Мартин терпеливо выслушивал любые ее замечания. Когда он приезжал, они от души веселились. Он приносил пластинки, а Рите — дешевые конфеты, каких от Манфреда она никогда не получала, потому что он презирал их. Стоило появиться Мартину, и в маленькой комнатушке, где им теперь бывало уже скучновато по вечерам, закипала жизнь. Он танцевал с Ритой на пыльном темном чердаке под аккомпанемент пластинок или читал лекцию о джазе, к которому питал слабость.
— Рядом с ним я кажусь себе глубоким стариком, — признавался иногда Манфред, когда Мартин уходил.
Он любил Мартина, что с удивлением и радостью отметила Рита. А юноша испытывал к старшему другу какое-то почтительно-робкое чувство, почти обожание. У Манфреда никогда раньше не было близкого друга, и он считал это позорным пятном.

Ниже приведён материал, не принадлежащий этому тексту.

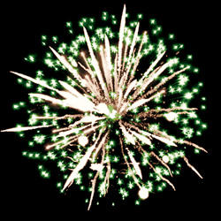 3 эффекта: Разноцветные кометы разрываются сферами из серебряных искристых форсов и:

Теперь пятно смыто, теперь его тайное желание исполнилось, и, конечно же, Манфред приписывал это появлению в своей жизни Риты.
— Ты принесла мне счастье, — сказал он однажды, когда Мартин уже ушел, но в комнате словно бы еще не утих поднятый им вихрь, и они, улыбаясь друг другу, остались в полной тишине, которую воспринимали сейчас как благо.

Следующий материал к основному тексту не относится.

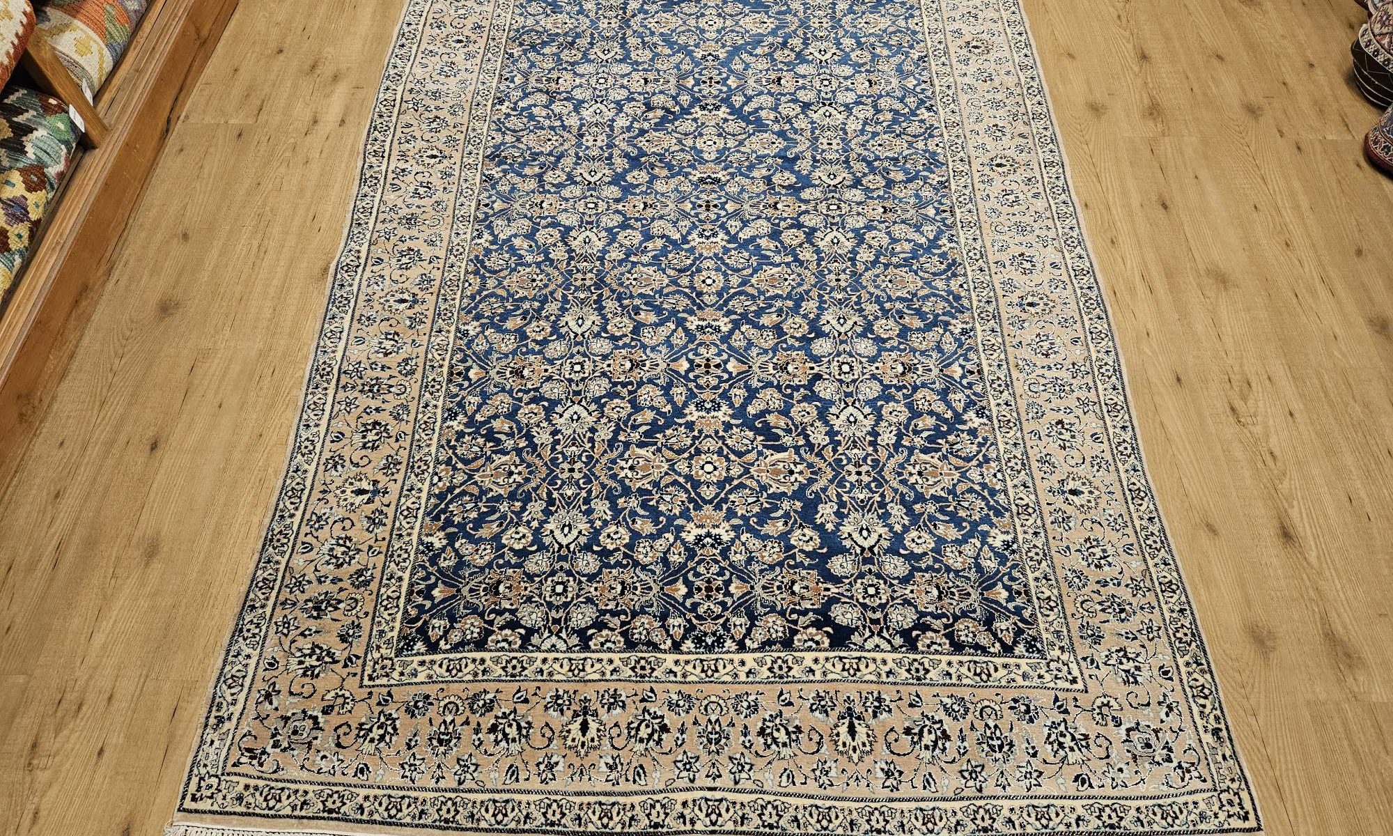 Vintage handgeknoopt perzisch tapijt nain 6la met zijde in goede staat, geknoopt in iran.

Рита по-прежнему спала рядом с Манфредом, удобно положив голову на его левое плечо. От его дыхания шевелились кончики ее тонких волос. Она все еще восхищалась теплом его тела, а он — нежной гладкостью ее кожи, которую любил ласкать. Но случалось теперь, среди ночи он просыпался, когда Рита теснее прижималась к нему, и видел, что она лежит с открытыми глазами.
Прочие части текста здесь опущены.